Philadelphia, July 20, 1776.
MY LORD,
I received safe the letters your lordship so kindly forwarded to me, and beg you to accept my thanks.
The official dispatches to which you refer me, contain nothing more than what we had seen in the act of parliament, viz. offers of pardon upon submission, which I am sorry to find, as it must give your lordship pain to be sent so far on so hopeless a business.
Directing pardons to be offered the colonies, who are the very parties injured, expresses indeed that opinion of our ignorance, baseness and insensibility, which your uninformed and proud nation has long been pleased to entertain of us; but it can have no other effect than that of increasing our resentment. It is impossible we should think of submission to a government that has with the most wanton barbarity and cruelty burnt our defenceless towns in the midst of winter, excited the savages to massacre our farmers, and our slaves to murder their masters, and is even now bringing foreign mercenaries to deluge our settlements with blood. These atrocious injuries have extinguished every remaining spark of affection for that parent country we once held so dear: but were it possible for us to forget and forgive them, it is not possible for you (I mean the British nation) to forgive the people you have so heavily injured; you can never confide again in those as fellow-subjects, and permit them to enjoy equal freedom, to whom you know you have given such just cause of lasting enmity. And this must impel you, were we again under your government, to endeavor the breaking our spirit by the severest tyranny, and obstructing, by every means in your power, our growing strength and prosperity.
But your lordship mentions "the king's paternal solicitude for promoting the establishment of lasting peace and union with the colonies." If by peace is here meant a peace to be entered into between Britain and America, as distinct states now at war, and his majesty has given your lord-ship powers to treat with us of such a peace, I may venture to say, though without authority, that I think a treaty for that purpose not yet quite impracticable, before we enter into foreign alliances. But I am persuaded you have no such powers. Your nation, though by punishing those American governors who have created and fomented the discord, rebuilding our burnt towns, and repairing as far as possible the mischiefs done us, might yet recover s great share of our regard, and the greatest part of our growing commerce, with all the advantage of that additional strength to be derived from a friendship with us; but I know too well her abounding pride and deficient wisdom, to believe she will ever take such salutary measures. Her fondness for conquest as a warlike nation, her lust of dominion as an ambitious one, and her thirst for a gainful monopoly as a commercial one, (none of them legitimate causes of war) will all join to hide from her eyes every view of her true interests, and continually goad her on in those ruinous distant expeditions, so destructive both of lives and treasure, that must prove as pernicious to her in the end as the crusades formerly were to most of the nations of Europe.
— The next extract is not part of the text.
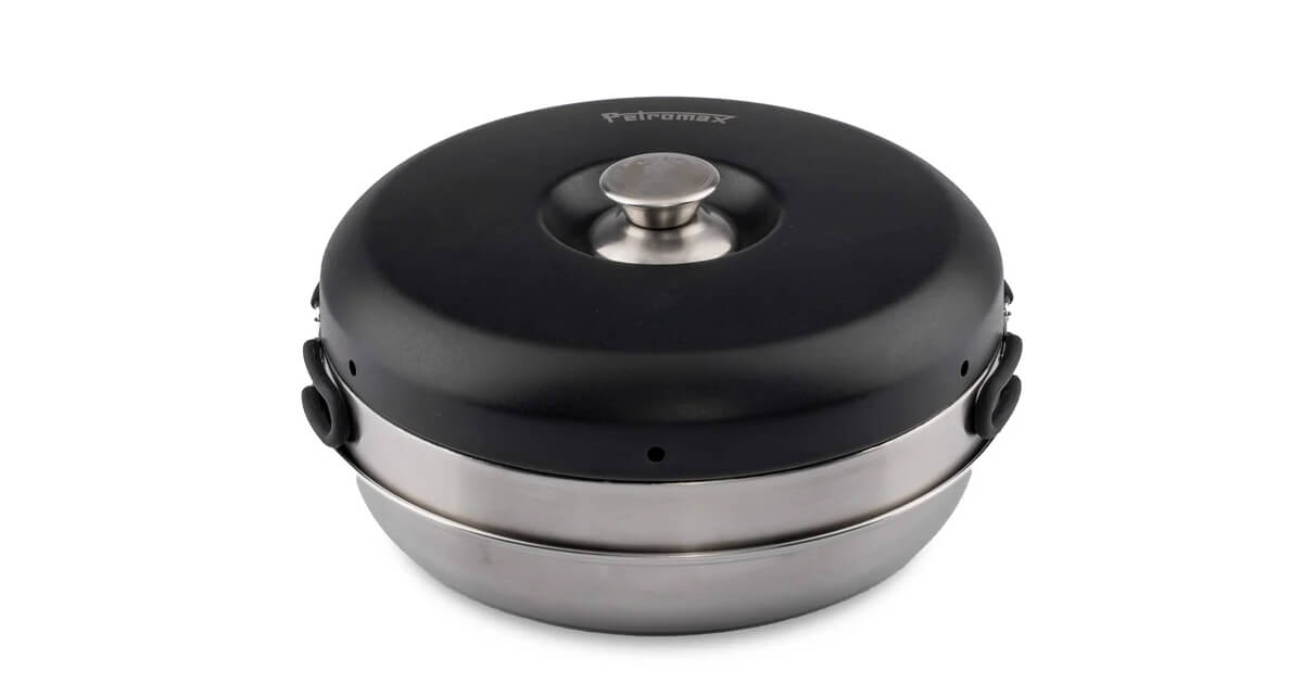 Mit dem kompakten Petromax Dimego Camp Oven erlebst du eine neue Ära des Outdoor-Kochens. Als ideale Ergänzung für unvergessliche Campingmomente ist der Camping Backofen perfekt für deine Outdoor-Reiseziele. Mit seiner Innenbeschichtung ist er ideal für frische Ofen-Gerichte wie überbackene Aufläufe, knusprige Brötchen oder saftige Kuchen. Der Camping Backofen besteht aus drei Teilen: dem Basiselement, das direkt auf dem Kochkreuz des Gaskochers platziert wird, einer beschichteten Ringform mit Griffen und einem Deckel.

I have not the vanity, my lord, to think of intimidating by thus predicting the effects of this war; for I know it will in England have the fate of all my former predictions, not to be believed till the event shall verify it.
Long did I endeavor, with unfeigned and unwearied zeal, to preserve from breaking that fine and noble China vase, the British empire: for I knew that being once broken, the separate parts could not retain even their share of the strength or value that existed in the whole, and that a perfect reunion of those parts could scarce ever be hoped for. Your lordship may possibly remember the tears of joy that wet my cheek, when, at your good sisters in London, you once gave me expectations that a reconciliation might soon take place. I had the misfortune to find those expectations disappointed, and to ‘be treated as the caused the mischief I was laboring to prevent. My consolation under that groundless and malevolent treatment was, that I retained the friendship of many wise and good men in that country, and among the rest, some share in the regard of Lord Howe.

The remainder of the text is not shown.